(TASK INPUT begins)

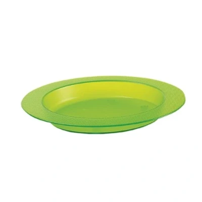Colour: green / stackable, convenient to store Easy to grip non-slip edges / 24.5 cm total dia / 18.3 cm internal dia High and straight edges for one-handed eating Material is more scratch and impact resistant, even when the plate falls on tiles Angled bottom allows liquid and semi-liquid foods to concentrate on one side of the plate
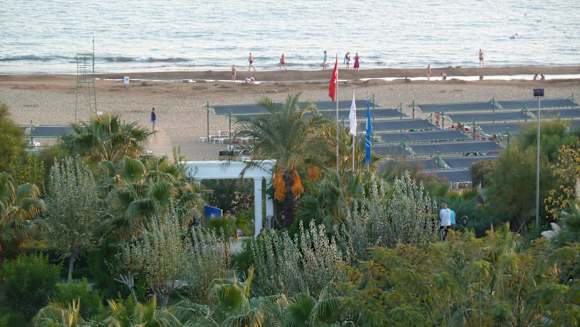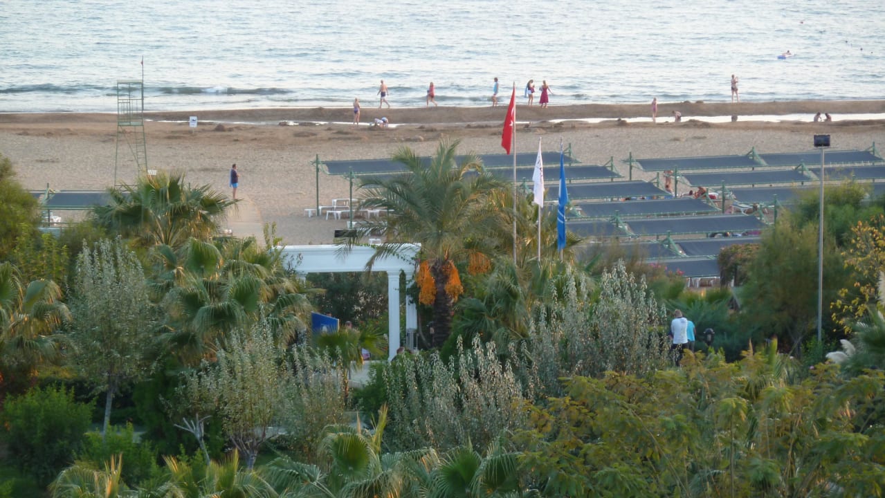 Hotelgarten und Strand mit Schattendächern
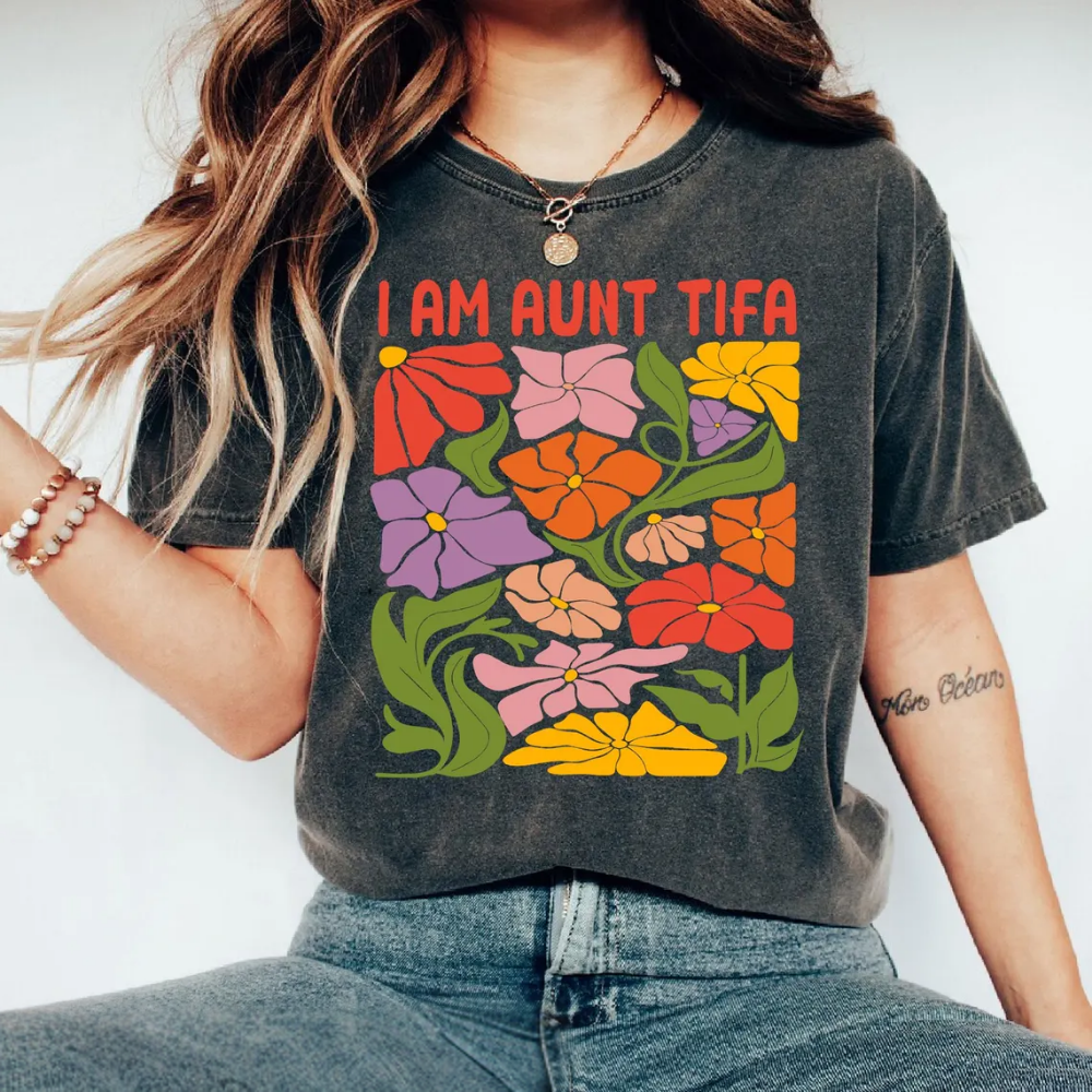 Floral I Am Aunt Tifa Shirt, Political Graphic Tee, Political Awareness, Activist T-Shirt, Fight Fascists, Patriot, Usa Stars Patriotic Gift
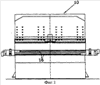 Как можно видеть на этой фигуре, скрепляющий узел 18 оборудован матрицей 22 и прессующим элементом 23, узел 19 для тиснения или гибки оборудован матрицей 24 и прессующим элементом 25, перфорационный узел 20 оборудован матрицей 22 и прессующим элементом 23, и, наконец, узел 21 для подборки или глубокой вытяжки оборудован матрицей 28 и прессующим элементом 29.
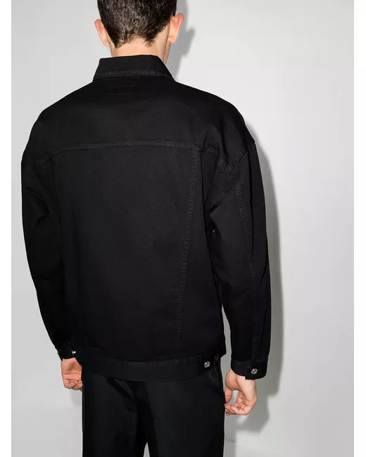 Black cotton logo-print denim jacket from GIVENCHY featuring logo print to the front, classic collar, front button fastening, long sleeves, two chest flap pockets, two side slit pockets, buttoned cuffs and straight hem.

(TASK INPUT ends)

*TASK REQUIREMENTS*. What should appear is an exact copy of the lines from the one containing "Floral I Am" through the last line of the records above, pictures excluded.

*FINAL ANSWER*.
 Floral I Am Aunt Tifa Shirt, Political Graphic Tee, Political Awareness, Activist T-Shirt, Fight Fascists, Patriot, Usa Stars Patriotic Gift
 Как можно видеть на этой фигуре, скрепляющий узел 18 оборудован матрицей 22 и прессующим элементом 23, узел 19 для тиснения или гибки оборудован матрицей 24 и прессующим элементом 25, перфорационный узел 20 оборудован матрицей 22 и прессующим элементом 23, и, наконец, узел 21 для подборки или глубокой вытяжки оборудован матрицей 28 и прессующим элементом 29.
 Black cotton logo-print denim jacket from GIVENCHY featuring logo print to the front, classic collar, front button fastening, long sleeves, two chest flap pockets, two side slit pockets, buttoned cuffs and straight hem.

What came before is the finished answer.